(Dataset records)
===============
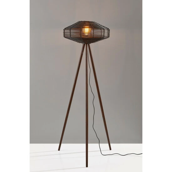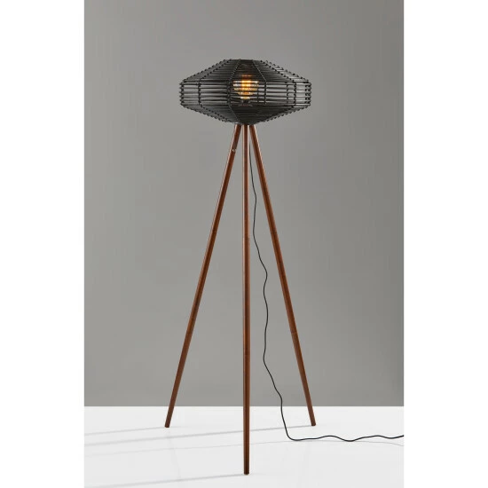 A stunning mix of natural materials, this Floor Lamp is a great way to add some bohemian inspiration to a modern setting. A black rattan disc houses a globe shaped vintage bulb that is included with this shipment and adds even more decorative appeal to the look. Rich, walnut wooden legs provide a sturdy tripod construction. A black fabric covered cord neatly hangs down from the socket. Turn the lamp on and off using a simple pull chain switch.
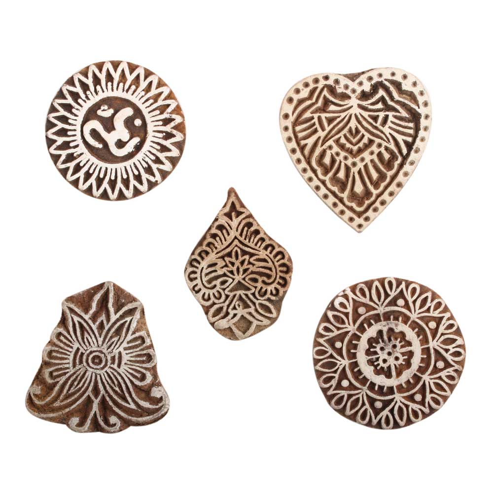 Set of 5 Piece New Mix Wooden Printing Block. Ideal for use on Fabric, Paper, Canvas, etc. These Blocks can be use to Print with Oil Colors, Fabric Colors, Water Colors, Acrylic Colors and Vegetable Colors.
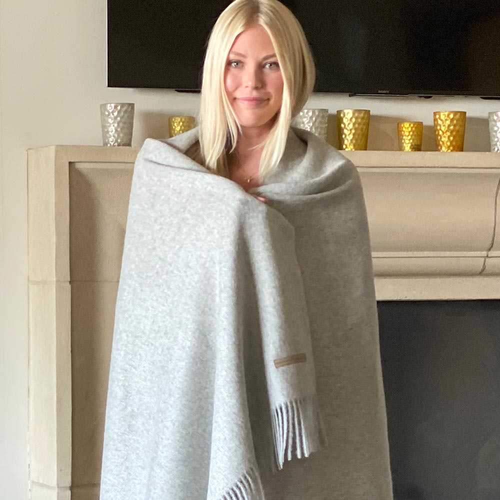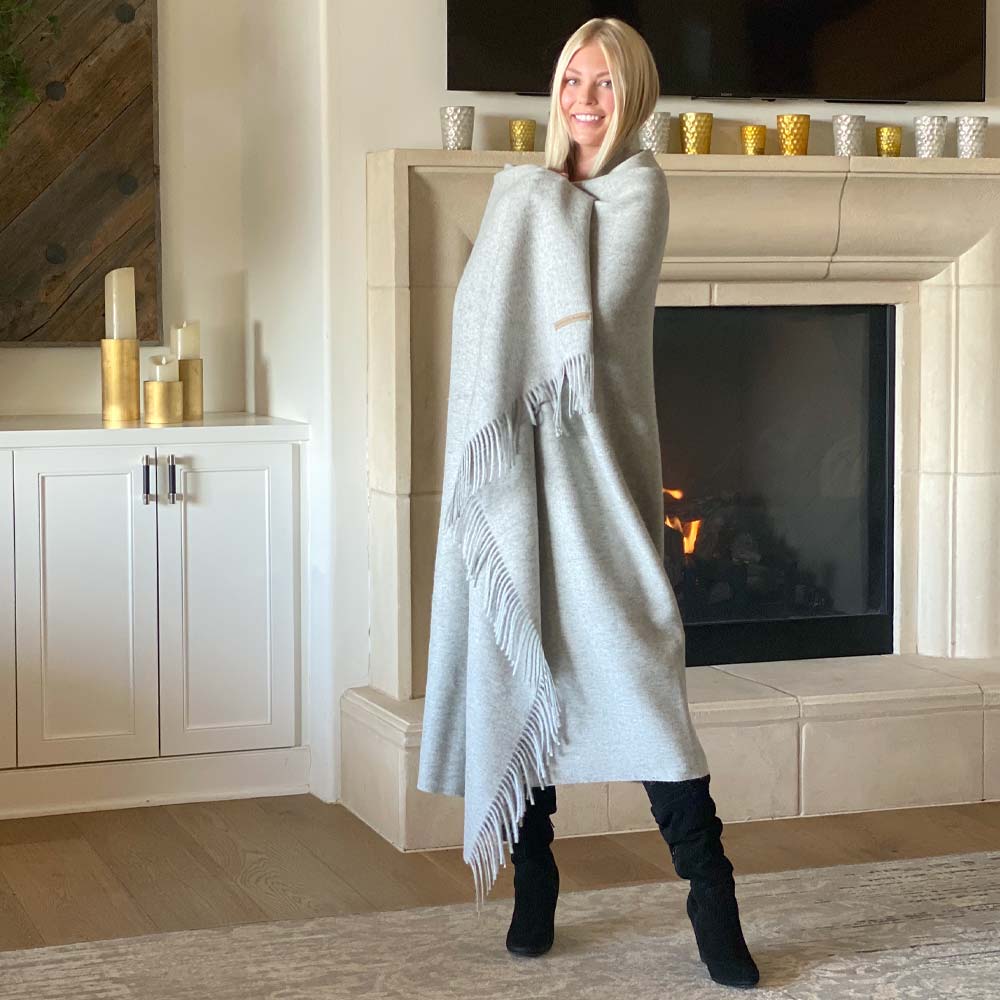 SIZE: 70” x 51” + 4” fringe. 680 grams.
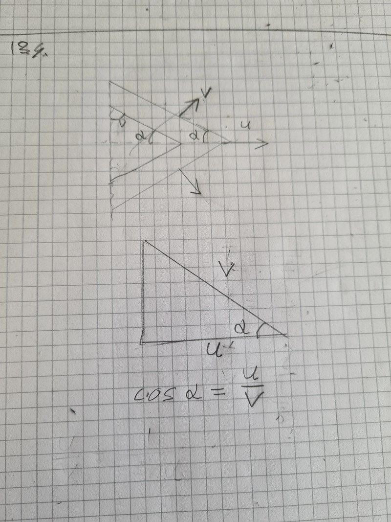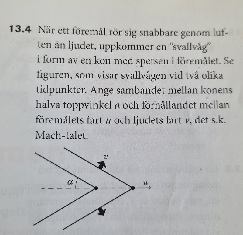 Ett föremål rör sig snabbare än ljudet. Vad är respektive hastighets samband med vinkeln alpha?
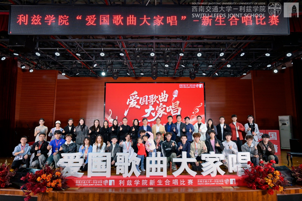 2025年10月26日晚,利兹学院“爱国歌曲大家唱——新生合唱比赛决赛”在犀浦校区一食堂学生活动中心温情开唱。学院党委书记江久文、党委副书记刘耀谦、副院长赵坪锐,西...
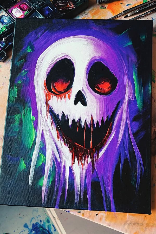 Ghosts in a forest create spooky scenes, but nothing beats the terror of our next idea. Imagine painting a ghost face with bleeding eyes and a scary smile. This creepy artwork will send chills down anyone's spine.
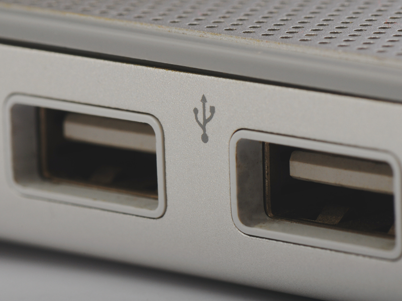 Les ports USB, HDMI et autres connexions attirent facilement la poussière et les miettes. Utilisez ici aussi une bombe d’air comprimé. Pulvérisez brièvement dans le port et vérifiez si des saletés en sortent.
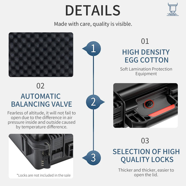 3. Strong sealing. The outer box has a valve design to ensure the internal space intact, with IP67 rating, waterproof and dustproof, to ensure that your product is dry and clean;
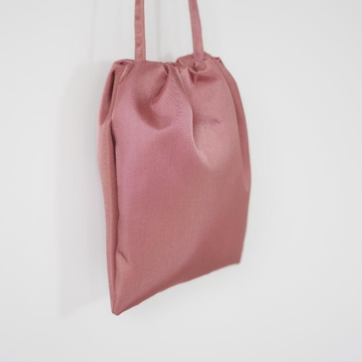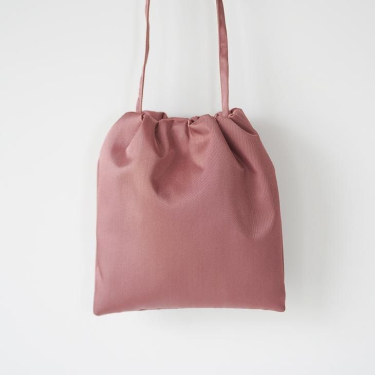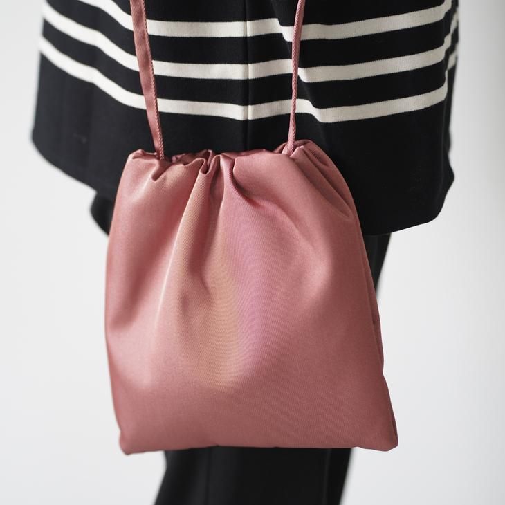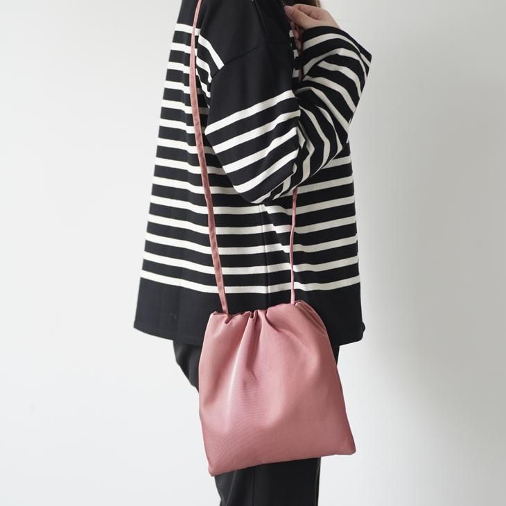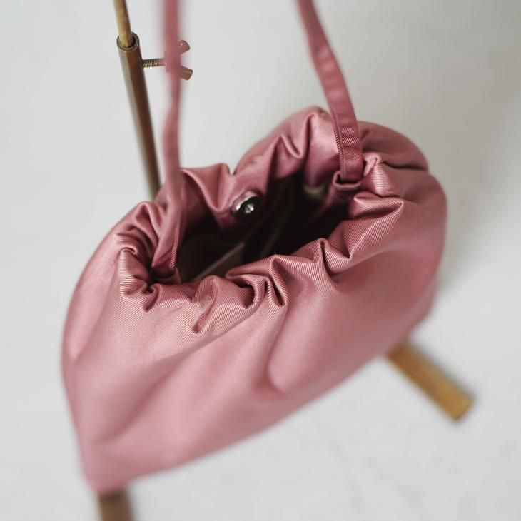 ウレタンをボンディングし、ふんわり感を出した艶やかなナイロンツイルで作った小ぶりなショルダーバッグ。
===============
--- Directions for this task ---
Take the line containing "fringe. 680 grams." and all lines after it to the end of the data above, and reproduce them exactly, leaving out pictures. Nothing else belongs in the copy.

--- Task response ---
 SIZE: 70” x 51” + 4” fringe. 680 grams.
 Ett föremål rör sig snabbare än ljudet. Vad är respektive hastighets samband med vinkeln alpha?
 2025年10月26日晚,利兹学院“爱国歌曲大家唱——新生合唱比赛决赛”在犀浦校区一食堂学生活动中心温情开唱。学院党委书记江久文、党委副书记刘耀谦、副院长赵坪锐,西...
 Ghosts in a forest create spooky scenes, but nothing beats the terror of our next idea. Imagine painting a ghost face with bleeding eyes and a scary smile. This creepy artwork will send chills down anyone's spine.
 Les ports USB, HDMI et autres connexions attirent facilement la poussière et les miettes. Utilisez ici aussi une bombe d’air comprimé. Pulvérisez brièvement dans le port et vérifiez si des saletés en sortent.
 3. Strong sealing. The outer box has a valve design to ensure the internal space intact, with IP67 rating, waterproof and dustproof, to ensure that your product is dry and clean;
 ウレタンをボンディングし、ふんわり感を出した艶やかなナイロンツイルで作った小ぶりなショルダーバッグ。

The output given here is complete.